__DATA BELOW__

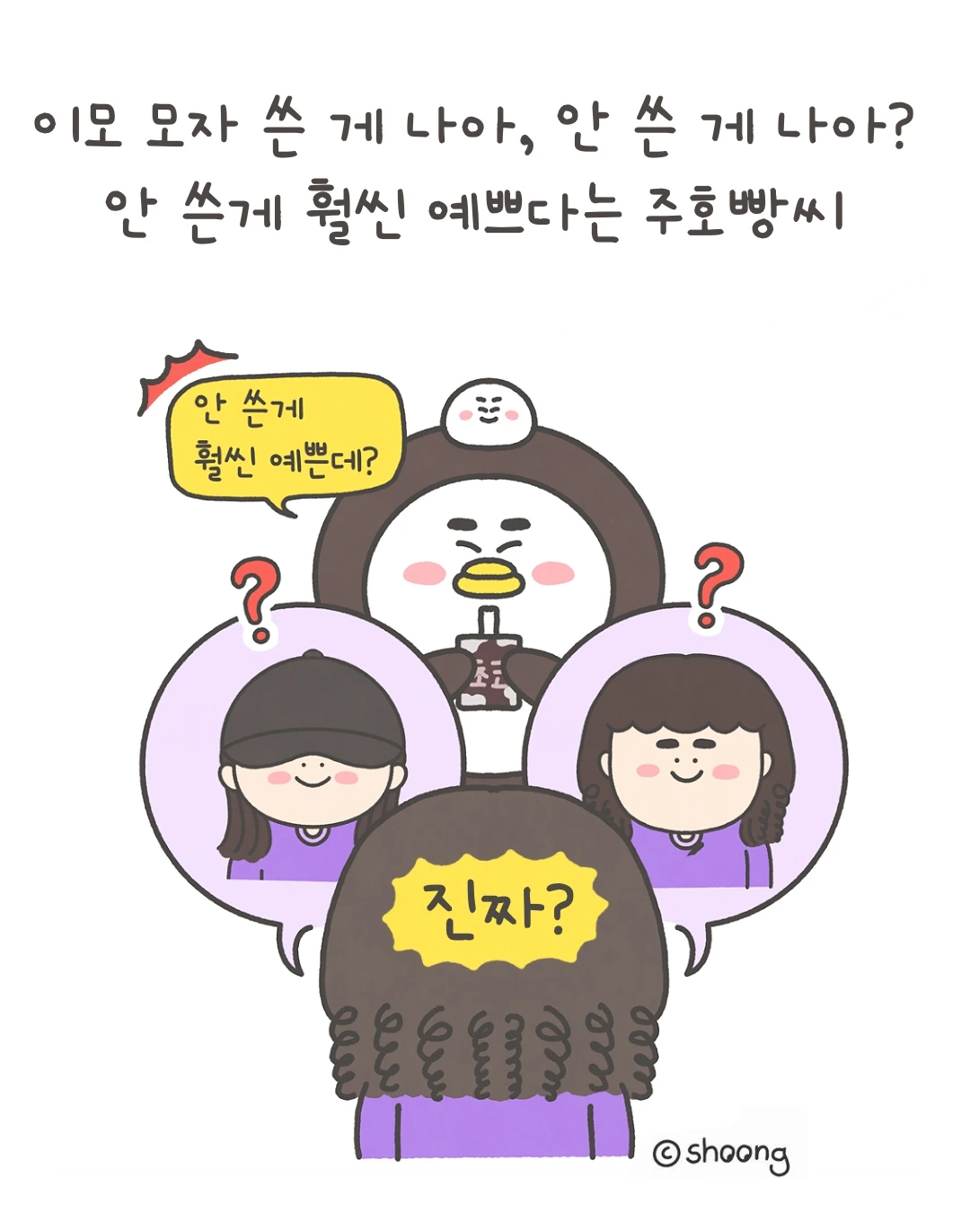 내친김에 하나 더 물었다. “이모 모자 쓴 게 나아, 안 쓴 게 나아?”
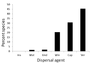 Figure 4: Distribution of plant species according to dispersal agent in Colombian dry forest. INS = Insects, WAT = Water, UND = Undefined, SPP = Spores, WIN = Wind, CAP = Capsular, VER = Vertebrates.
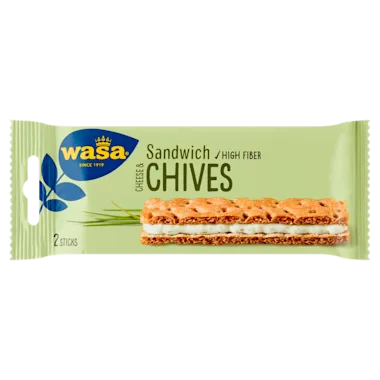 Wasa Sandwich Cheese & Chives bestaat uit twee repen knäckebröd met een vulling met kaas- en bieslooksmaak. Rijk aan vezels en geschikt voor ieder moment van de dag.
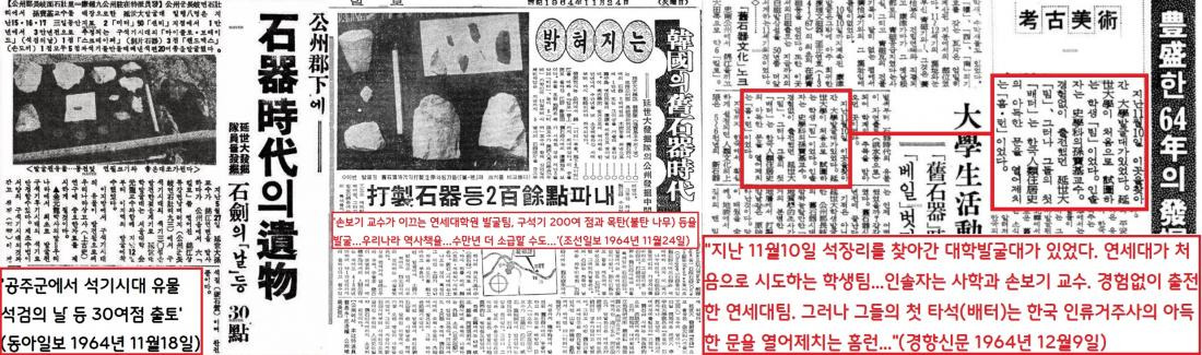 “손보기 교수가 이끄는 연세대학원 발굴팀, 구석기 200여 점과 목탄(불탄 나무) 등을 발굴…우리나라 역사책을…수만년 더 소급할 수도…”(조선일보 1964년 11월24일)

__WHAT TO WORK ON__
Would you please repeat the lines above exactly, from the first line of the listing through the line holding "Figure 4: Distribution", with nothing added and no pictures?

__OUTPUT BELOW__
 내친김에 하나 더 물었다. “이모 모자 쓴 게 나아, 안 쓴 게 나아?”
 Figure 4: Distribution of plant species according to dispersal agent in Colombian dry forest. INS = Insects, WAT = Water, UND = Undefined, SPP = Spores, WIN = Wind, CAP = Capsular, VER = Vertebrates.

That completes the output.